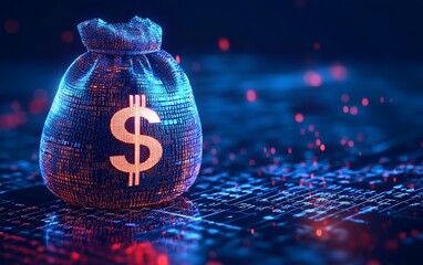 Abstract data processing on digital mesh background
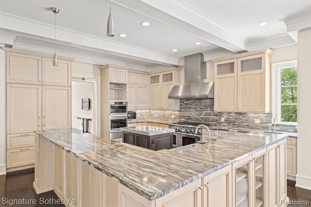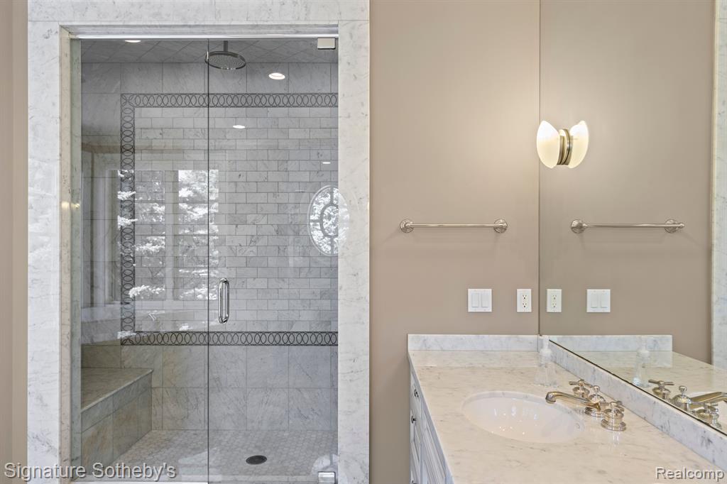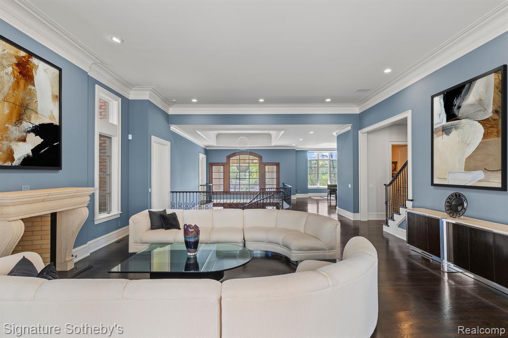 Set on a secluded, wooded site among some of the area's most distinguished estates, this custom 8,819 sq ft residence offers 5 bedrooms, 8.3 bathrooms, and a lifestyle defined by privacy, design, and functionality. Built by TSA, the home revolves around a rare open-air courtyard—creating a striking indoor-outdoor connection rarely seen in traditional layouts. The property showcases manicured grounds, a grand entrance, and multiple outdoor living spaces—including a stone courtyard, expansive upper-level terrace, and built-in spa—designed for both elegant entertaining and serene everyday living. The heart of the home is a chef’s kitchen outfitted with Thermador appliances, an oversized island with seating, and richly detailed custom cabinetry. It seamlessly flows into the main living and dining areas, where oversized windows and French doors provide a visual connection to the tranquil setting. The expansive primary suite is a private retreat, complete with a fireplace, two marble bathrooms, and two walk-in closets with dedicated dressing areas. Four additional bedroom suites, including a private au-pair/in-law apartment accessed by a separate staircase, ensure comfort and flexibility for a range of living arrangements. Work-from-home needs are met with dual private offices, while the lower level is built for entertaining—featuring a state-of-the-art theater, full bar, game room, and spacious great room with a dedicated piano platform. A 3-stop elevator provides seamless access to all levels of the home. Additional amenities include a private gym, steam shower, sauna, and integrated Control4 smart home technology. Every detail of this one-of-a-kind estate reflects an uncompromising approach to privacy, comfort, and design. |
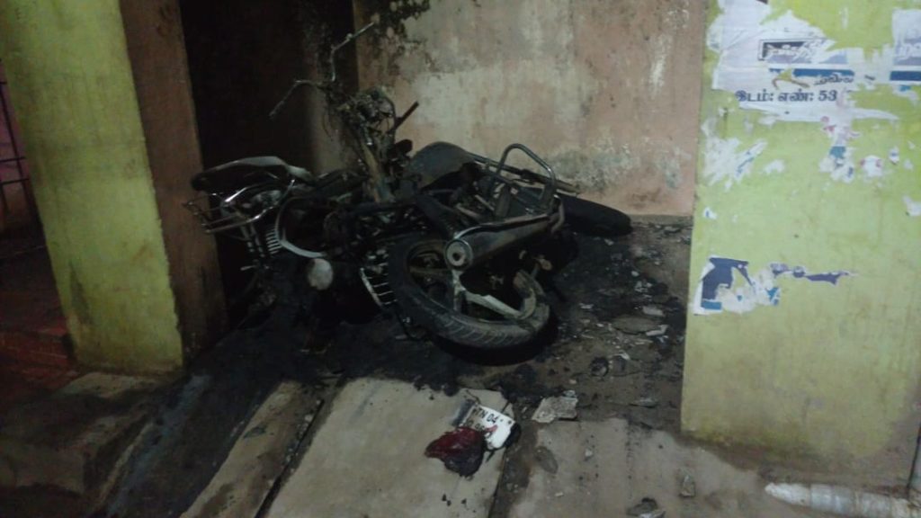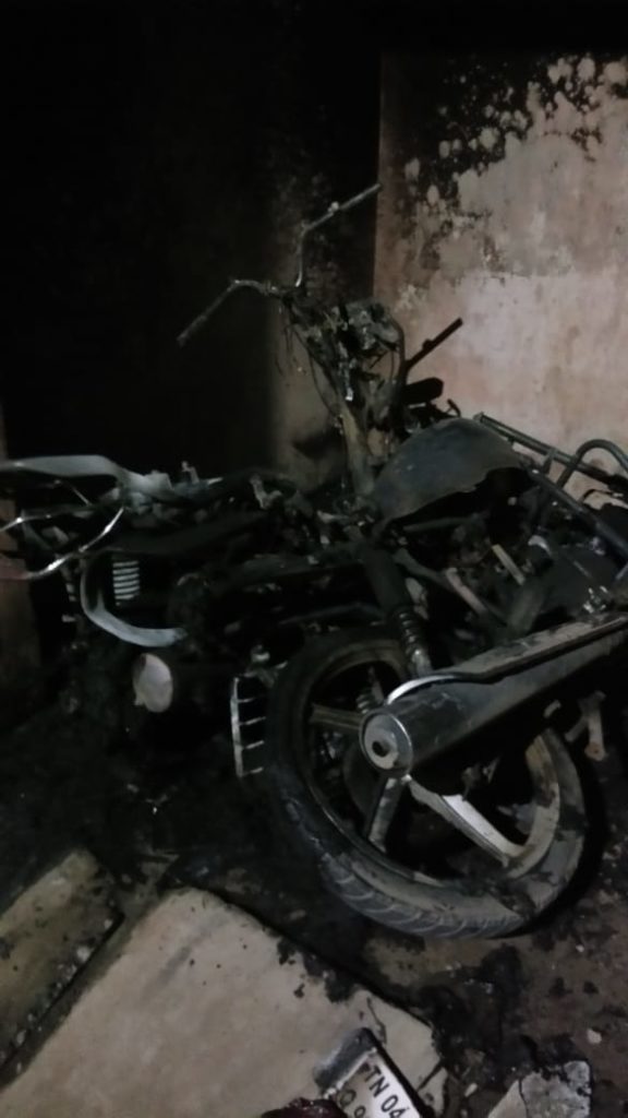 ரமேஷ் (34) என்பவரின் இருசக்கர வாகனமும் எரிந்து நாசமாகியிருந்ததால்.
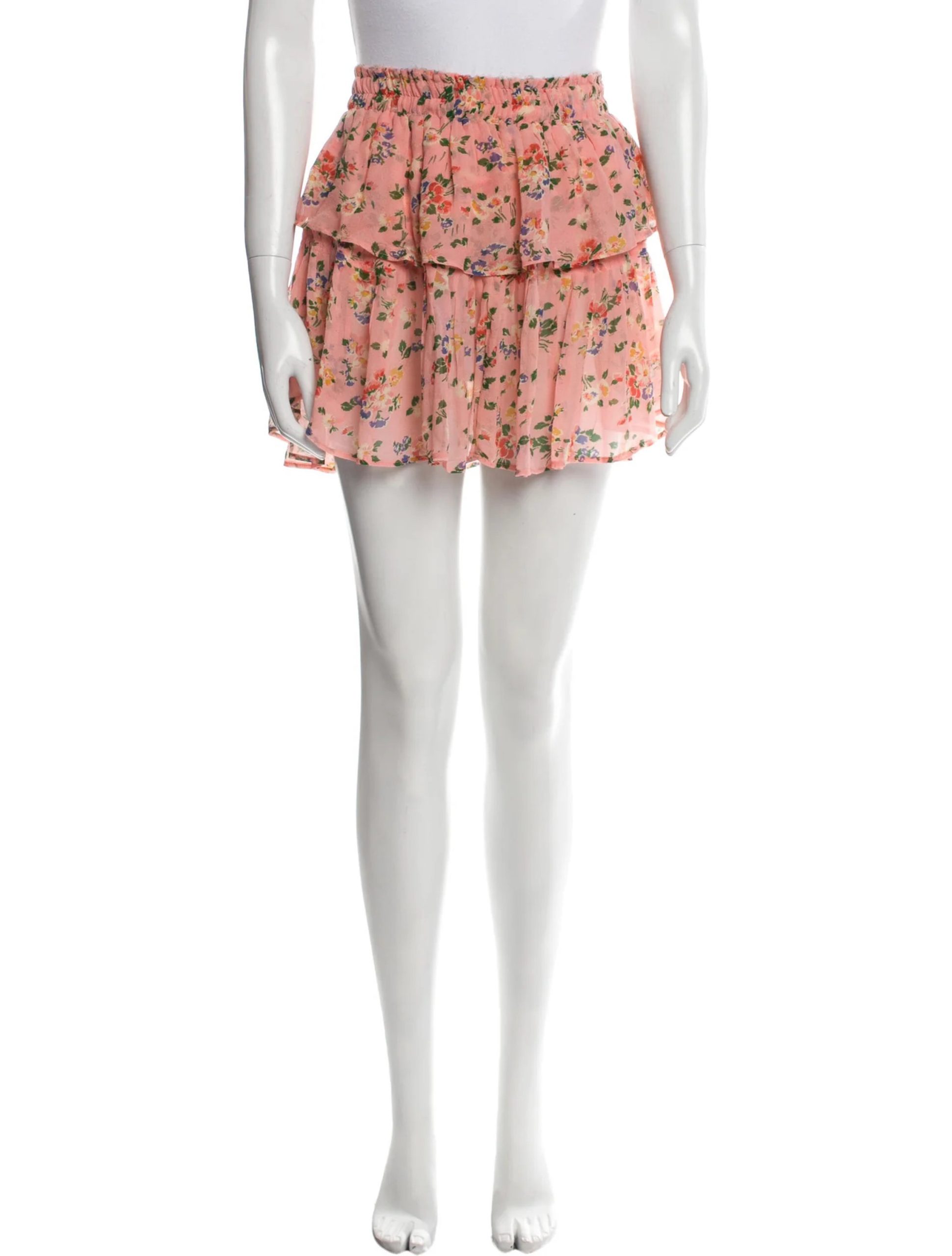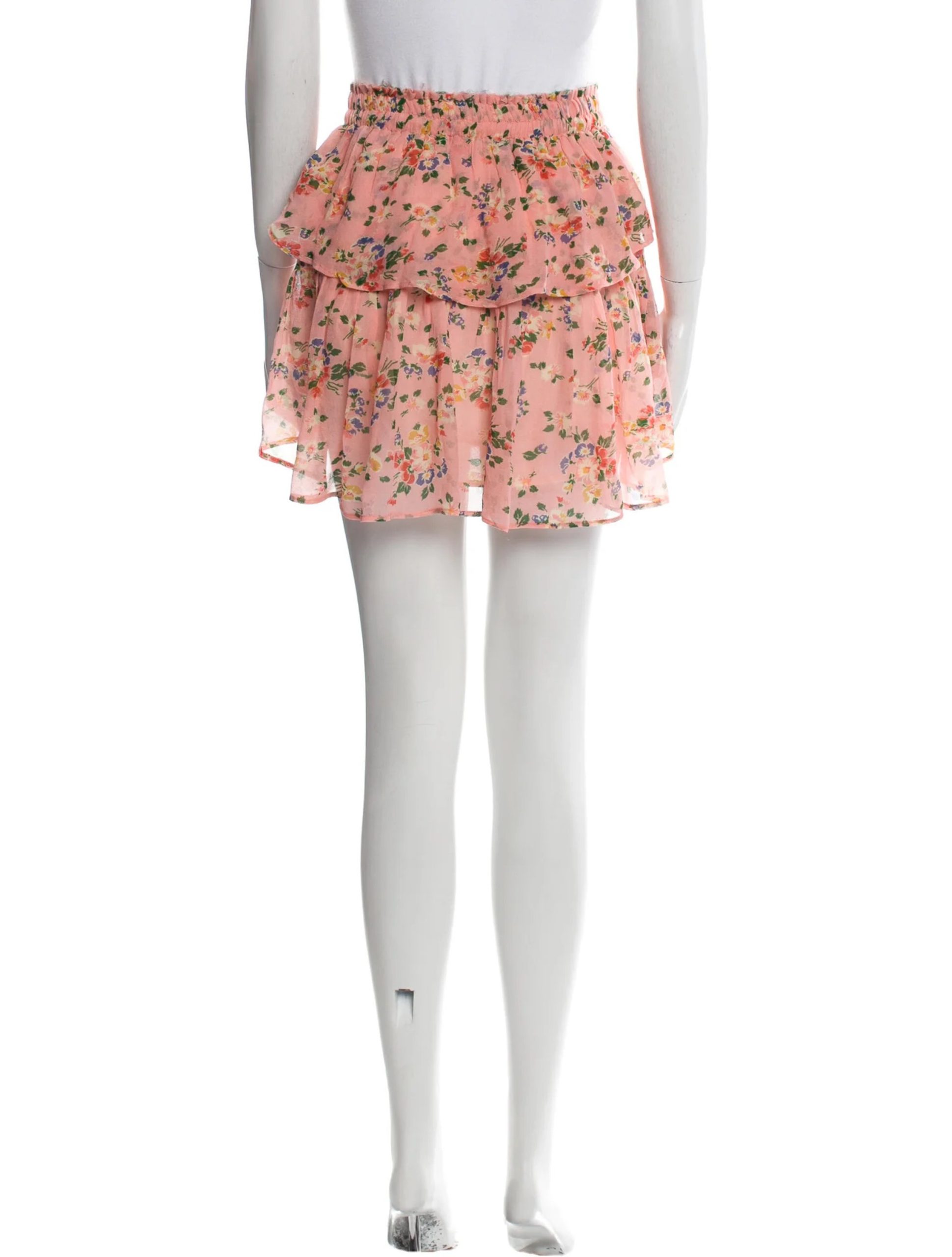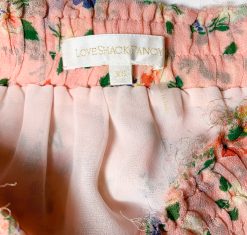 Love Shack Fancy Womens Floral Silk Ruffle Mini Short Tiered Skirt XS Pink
━━━━━━━━
Reproduce, exactly and with no pictures, the lines from the line containing "ரமேஷ் (34) என்பவரின்" through the closing line of the data above, keeping both ends.

 ரமேஷ் (34) என்பவரின் இருசக்கர வாகனமும் எரிந்து நாசமாகியிருந்ததால்.
 Love Shack Fancy Womens Floral Silk Ruffle Mini Short Tiered Skirt XS Pink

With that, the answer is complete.